The aged Margaret, Countess of Salisbury, last of the Plantagenets and the mother of Cardinal Pole, was also executed in the Tower under Henry VIII. Her eldest son, Henry, Lord Montagu, had previously been imprisoned in the Beauchamp Tower and later executed for his Yorkist blood. As Henry's cousin, the Countess was also deemed by the pathologically suspicious King as too near to the throne to be left alive.

Then aged nearly seventy, she was beheaded in a corner of the Tower. Margaret proudly refused to lay her head upon the block, proclaiming herself no traitor. In the hideous scene which followed, her neck and shoulders were hacked at in haphazard fashion by the executioner, as the old lady refused to keep them still.

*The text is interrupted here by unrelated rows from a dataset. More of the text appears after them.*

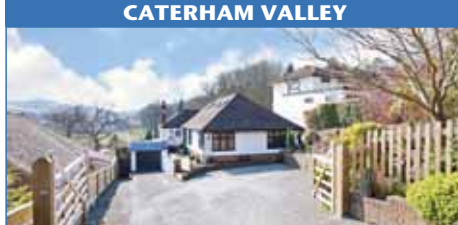
An attractive detached chalet style bungalow offered to the market in the agents opinion in excellent decorative order throughout with a particular feature being the stunning landscaped rear garden offering panoramic views to rear over Caterham Valley and towards greenbelt countryside. Viewing highly recommended. EPC: E UPC1043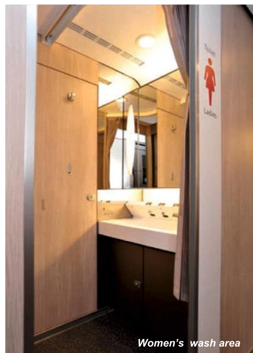
Women's wash area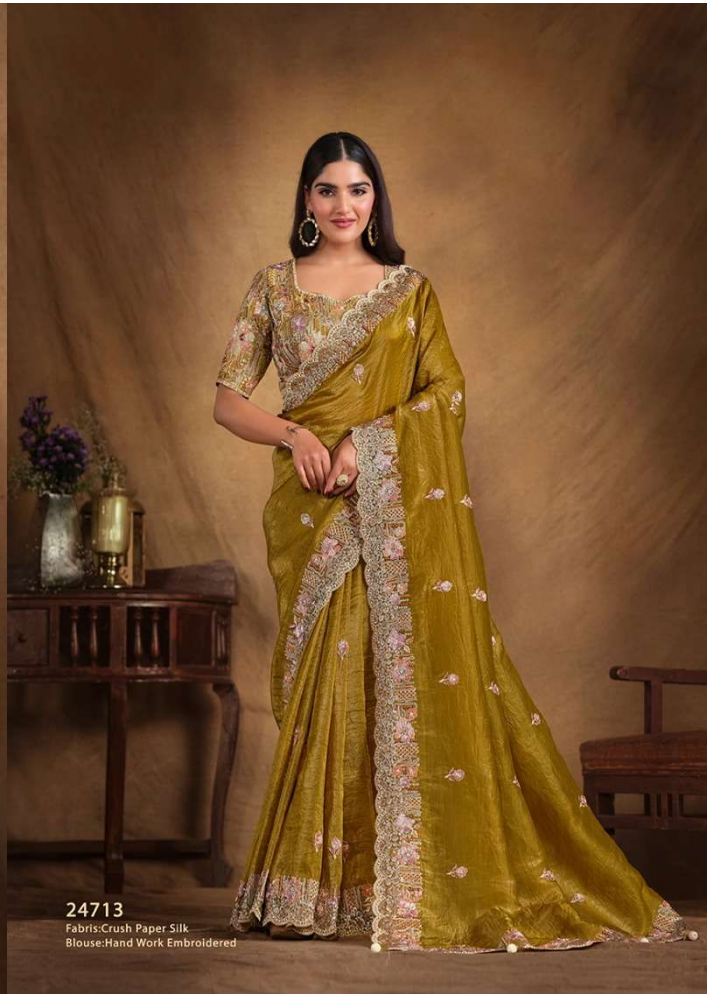
24713 Fabric:Crush Paper Silk. Blouse:Hand Work Embroidered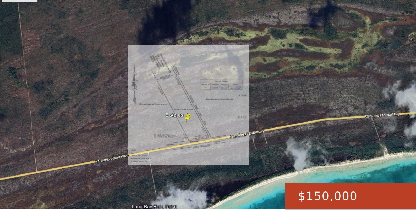
Long Bay Field Point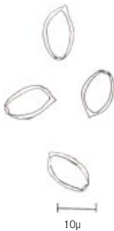
Figure 14. Basidiospores of Conocybe fuscimarginata .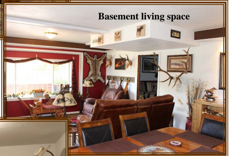
Basement living space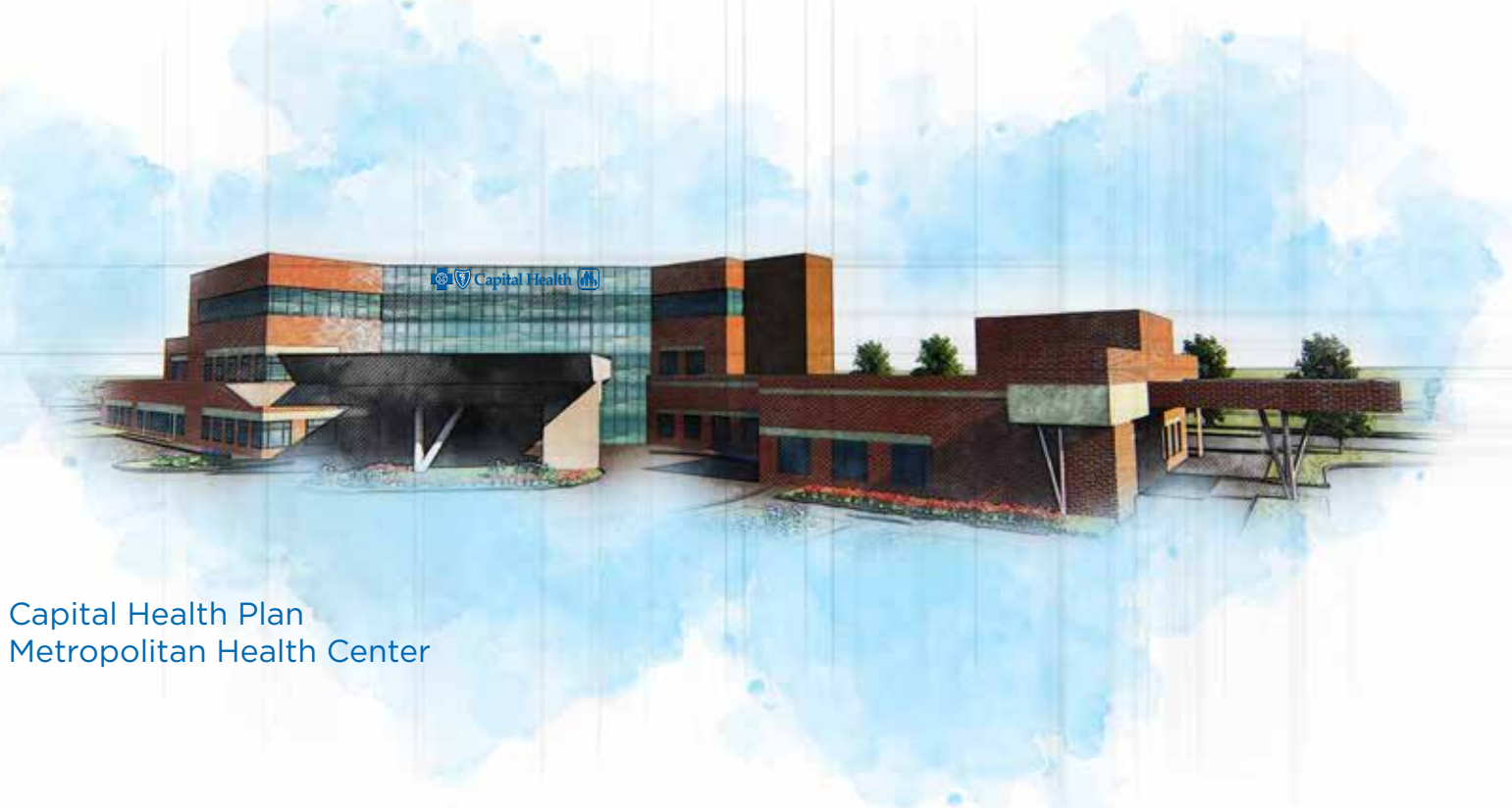
Capital Health Plan Metropolitan Health Center

This 24-hour resource is staffed by health care professionals who can assist members with their health-related questions by calling 850.383.3400.

The mangled corpse of the last of the Plantagenets was buried in the Chapel of St. Peter ad Vincula.

The Tower Armouries

Henry VIII held a fascination for armour and amassed a large collection, which was housed at the Tower Armouries. This, the oldest museum in England still exists within the Tower to the present day, where much of Henry's collection can still be viewed.

The Tower ArmouriesThe Tower Armouries

The advancement in size over the years of Henry's suits of armour bear witness to the monarch's rapidly expanding girth. The much smaller armour of Charles I is also on display, along with a vast array of weapons from various historical periods.

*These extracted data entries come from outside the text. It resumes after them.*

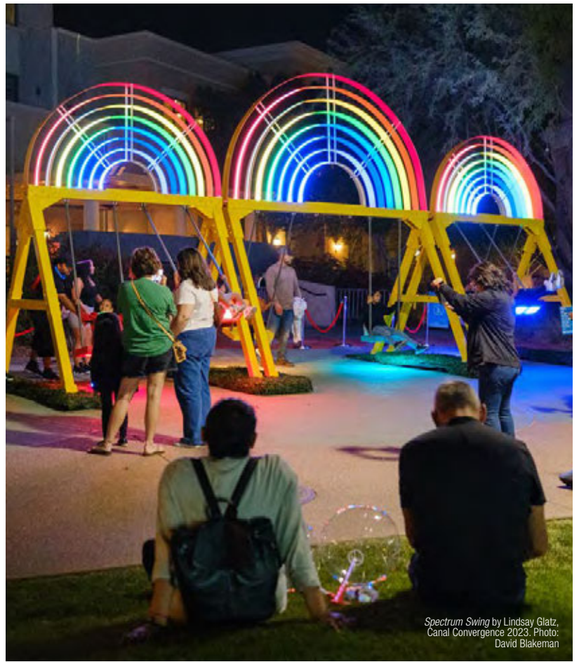
Spectrum Swing by Lindsay Glatz, Canal Convergence 2023.

See the following page for a more detailed overview of the Canal Convergence 2024 theme, Reflections.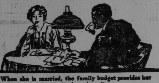
When she is married, the family budget provides her premium deposits.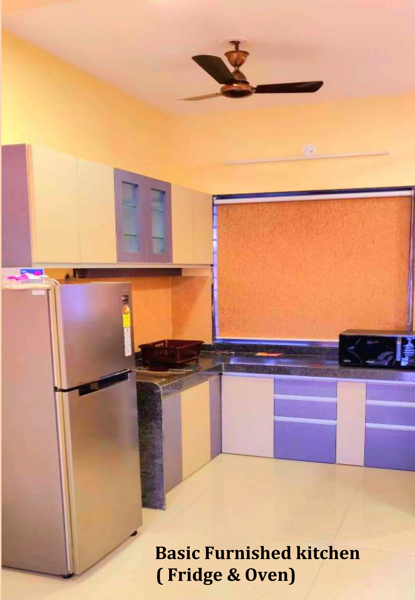
Basic Furnished kitchen ( Fridge & Oven)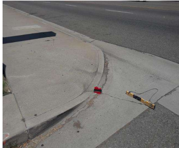
Curb Ramp , Landings And Transitions : Bottom Landing Change in Level

Code Reference ADA 302, 303, 406.2, 303.1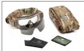
U.S. MILITARY TAN 499 KIT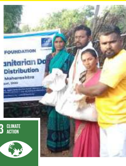
13 CLIMATE ACTION

Armour and horse armour of Henry VIII, one of many examples on display at the Tower armoury.

Armour of Henry VIIIArmour of Henry VIII

The Tower under the later Tudors

Henry VIII's daughter, Mary I, known as 'Bloody Mary' executed her young cousin and rival, the ill-fated Jane Grey, who had occupied England's throne for nine days under the machinations of her ambitious father-in-law, the Duke of Northumberland. The unfortunate Jane was placed on the throne after the demise of King Edward VI and was little more than the tool of the ambitions of others. Before her own execution on 12th February 1554, Jane watched from her window in the Gentlemen Gaolers Lodgings, as her young husband, Guilford Dudley, walked sobbing from his lodgings in the Beauchamp Tower to be beheaded on Tower Hill. Later that day, the sixteen-year-old Jane was lead out to her death by beheading on the scaffold at Tower Green.

The great Queen Elizabeth I also suffered a term of imprisonment in the Tower by her sister Mary. Suspected of underhand involvement in the Wyatt Rebellion, she was arrested and taken to the Tower. Possessed of a great deal of intelligence and fortitude and a born survivor, Elizabeth ensured nothing could be proved against her. She was housed in the Bell Tower, but was allowed to take exercise by walking along the battlements which adjoined the Beauchamp and Bell Towers, which is still known as Elizabeth's Walk. Finding no evidence of Elizabeth's involvement in the plot, Mary was eventually prevailed upon to release her. Her confinement in the Tower, however, must have been a terrifying experience. The memory of her mother, Anne Boleyn's horrific fate must have loomed large before her.